It has been reported that plant disease resistance gene loci exhibit extensive loss of synteny. R gene-like sequences frequently lack syntenic map locations between the cereal species rice, barley, and foxtail millet [47]. An effort to clone the rice homolog of the barley Rpg1 gene was unsuccessful; because, although the DNA markers flanking Rpg1 were syntenic between rice and barley, the region containing the gene is absent in the syntenic rice genome [48]. These observations imply that R gene loci evolve faster than the rest of the genomes. This is further supported by comparative sequence analysis conducted in crucifers and grasses [49]. R genes may be located in less stable regions of the genome such as telomeric or pericentromeric regions where synteny is poorly conserved [50]. The tomato Tm-2 gene resides in a heterochromatic region near the centromere of chromosome 9 [51]. The Rpg1 gene is located near the telomere of the short arm of barley chromosome 1 [48]. The tomato Mi-1 gene is located at the border region between euchromatin and heterochromatin [52]. The lack of microsynteny of the Rps1-k region with the currently available genome sequences and abundance of repeat sequences including retroelements suggested that Rps1-k is located in a heterochromatic region which could be pericentromeric.

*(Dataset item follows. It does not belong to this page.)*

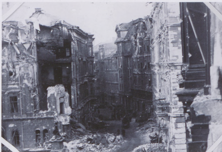
Lánchíd utca, 1945

Idővel a Fiume varázsa megkopott, másodosztályú szállodává vált. Forgalmát még biztosította, hogy előtte kötöttek ki a gőzhajók a Csepel-sziget falvai vagy a Dunakanyar felé tartva. A huszadik század elején már egyenesen azt írta

The Rps1-k-1 and Rps1-k-2 genes are about 20 kb apart (Figure 3). Most frequently R genes are arranged in clusters, and genes within one cluster are mostly derived from a common ancestral gene [4]. This clustering feature is considered to facilitate the expansion of R gene numbers and race-specificities through recombination and positive selection [5]. Study of multiple, genetically linked R gene families has provided insight into the molecular mechanisms of R gene evolution and the generation of novel recognition specificity. Seven family members of Xa21 were identified within a 230-kb region [9]. Similarly, seven members of the tomato I2 gene family reside in a 90 kb region [53]. The tomato Cf-2 locus contains two nearly identical resistance genes in a 17 kb fragment [54]. Both tomato Cf4 and Cf9 loci comprised of four additional tandemly duplicated paralogous copies within a 36-kb region [55]. Paralogous R gene sequences have also been reported to map more distantly. For example, members of the lettuce Dm3 family span at least 3.5 Mb with at least 120 kb distance between two gene members [56]. Although in these examples members are evolved from one progenitor gene [4], three distinct CC-NB-LRR gene families were identified in the Mla locus within a 240-kb region [7,57]. The potato R1 locus also contains three fast evolving CC-NB-LRR genes that undergo frequent sequence exchanges among members of individual groups [58].

Plants have to generate novel resistance specificities to combat the quickly evolved pathogens. This clustering feature can facilitate the expansion of R gene numbers and the generation of new R gene specificities through recombination and positive selection [5]. Paralogous R gene sequences were most likely evolved through unequal recombination. The maize Rp1 locus, carrying nine paralogues, is probably the best example of unequal recombination for evolution of tandem paralogous R gene sequences [59]. An unequal crossing over between Arabidopsis RPP8 and its paralog, RPHA8 most likely resulted in rpp8 [60]. An unequal crossing over event was detected at the Rps1-k region leading to tandem duplication [32].

Conclusion

Genomes of higher plants vary significantly in their size and complexity because of the existence of a large amount of repetitive sequences. It was observed that the Rps1-k region is composed of mostly tandem repeat sequences and retroelements. Several disease resistance genes have been found in the less stable regions of the genome such as telomeric or pericentromeric regions where synteny is poorly conserved. The lack of microsynteny of the Rps1-k region with the currently available genome sequences and abundance of repeat sequences in the locus suggest that Rps1-k is located in a heterochromatic region that could be pericentromeric.

Methods

BAC DNA sequencing

The details of sequencing strategies of the three BACs, GS_18J19, GS_43D16 and GS_99I16 were described previously [1]. The sequence reads generated were assembled using the Phred/Phrap/Consed package [61,62].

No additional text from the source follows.